▶ **Exercise**:
Return exactly the lines from the one containing "Dans ce module, vous" through the end of the material below, and leave the images out.

▶ **Information supplied**:
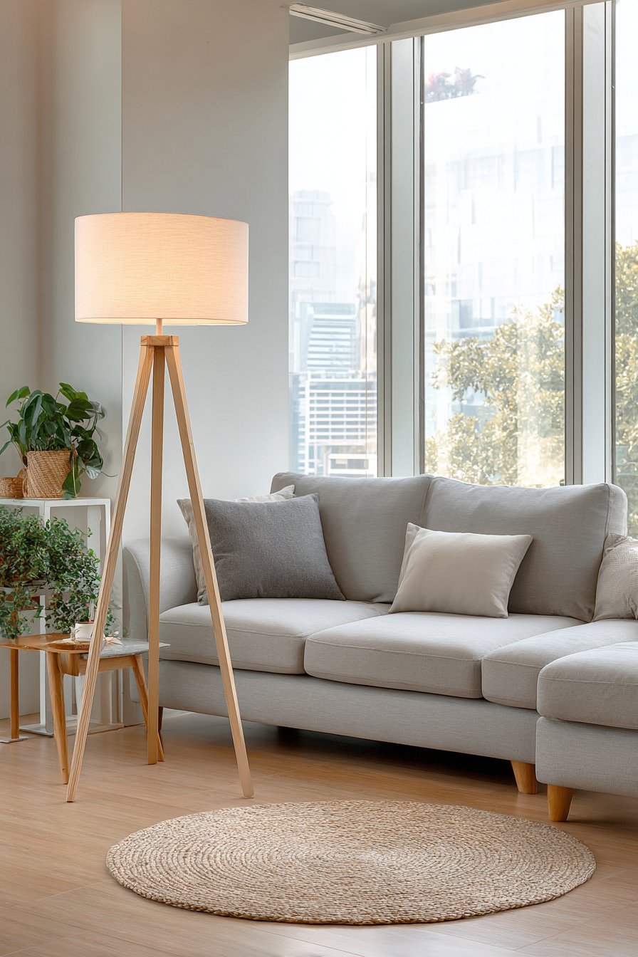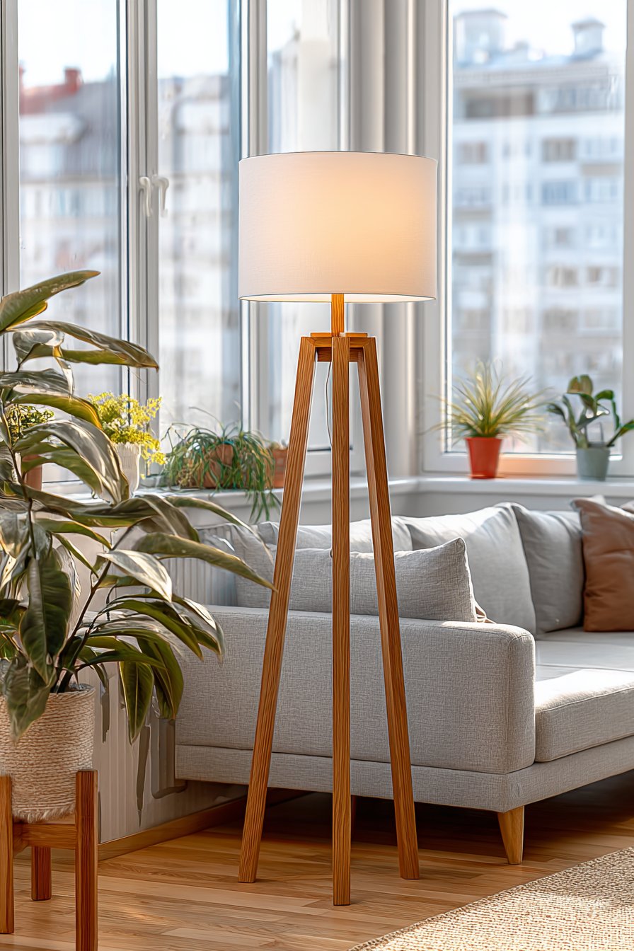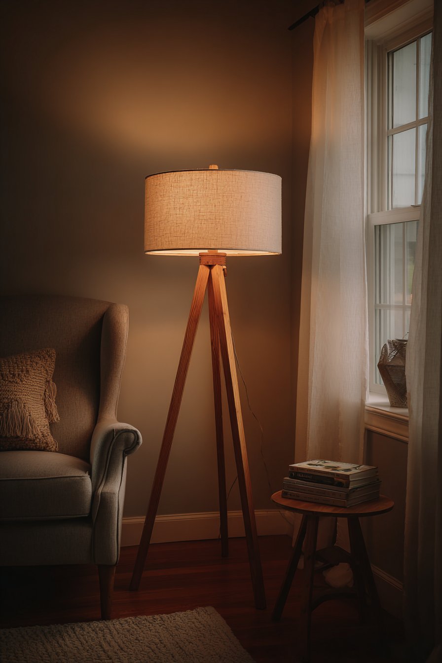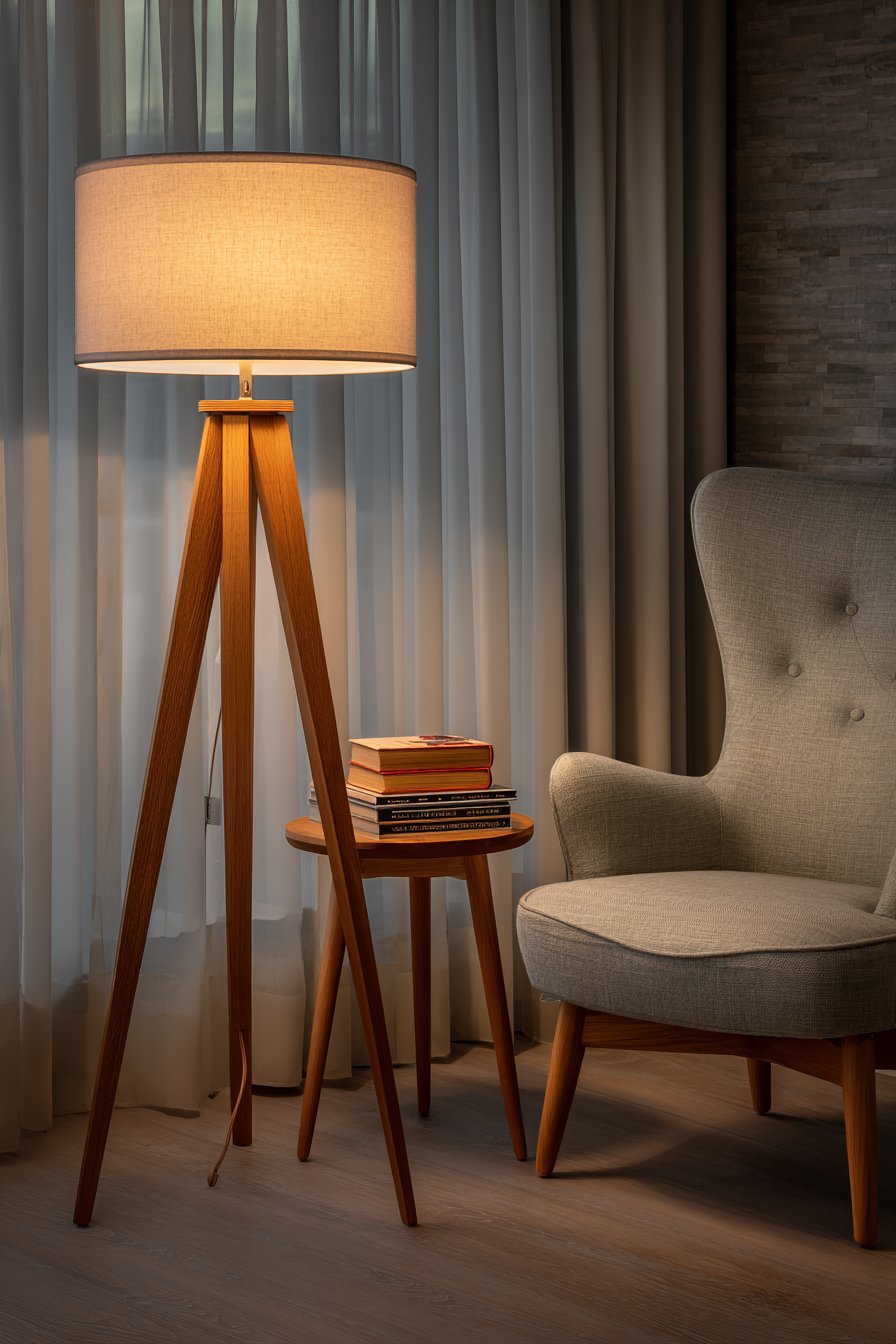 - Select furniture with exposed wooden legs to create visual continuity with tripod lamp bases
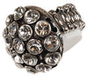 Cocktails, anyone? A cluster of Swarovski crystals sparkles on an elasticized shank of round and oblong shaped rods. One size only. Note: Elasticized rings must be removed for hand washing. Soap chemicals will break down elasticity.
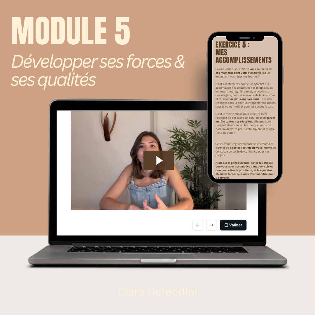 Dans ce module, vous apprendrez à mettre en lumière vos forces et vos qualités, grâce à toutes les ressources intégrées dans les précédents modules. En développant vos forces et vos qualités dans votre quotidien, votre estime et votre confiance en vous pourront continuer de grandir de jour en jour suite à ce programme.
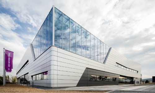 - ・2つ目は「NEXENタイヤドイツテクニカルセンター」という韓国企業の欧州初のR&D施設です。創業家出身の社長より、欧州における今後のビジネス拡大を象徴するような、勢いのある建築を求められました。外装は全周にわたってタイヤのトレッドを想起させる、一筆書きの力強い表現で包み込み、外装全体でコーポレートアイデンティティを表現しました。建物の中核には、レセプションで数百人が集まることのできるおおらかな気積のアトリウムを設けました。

▶ **Result of the task**:
 Dans ce module, vous apprendrez à mettre en lumière vos forces et vos qualités, grâce à toutes les ressources intégrées dans les précédents modules. En développant vos forces et vos qualités dans votre quotidien, votre estime et votre confiance en vous pourront continuer de grandir de jour en jour suite à ce programme.
 - ・2つ目は「NEXENタイヤドイツテクニカルセンター」という韓国企業の欧州初のR&D施設です。創業家出身の社長より、欧州における今後のビジネス拡大を象徴するような、勢いのある建築を求められました。外装は全周にわたってタイヤのトレッドを想起させる、一筆書きの力強い表現で包み込み、外装全体でコーポレートアイデンティティを表現しました。建物の中核には、レセプションで数百人が集まることのできるおおらかな気積のアトリウムを設けました。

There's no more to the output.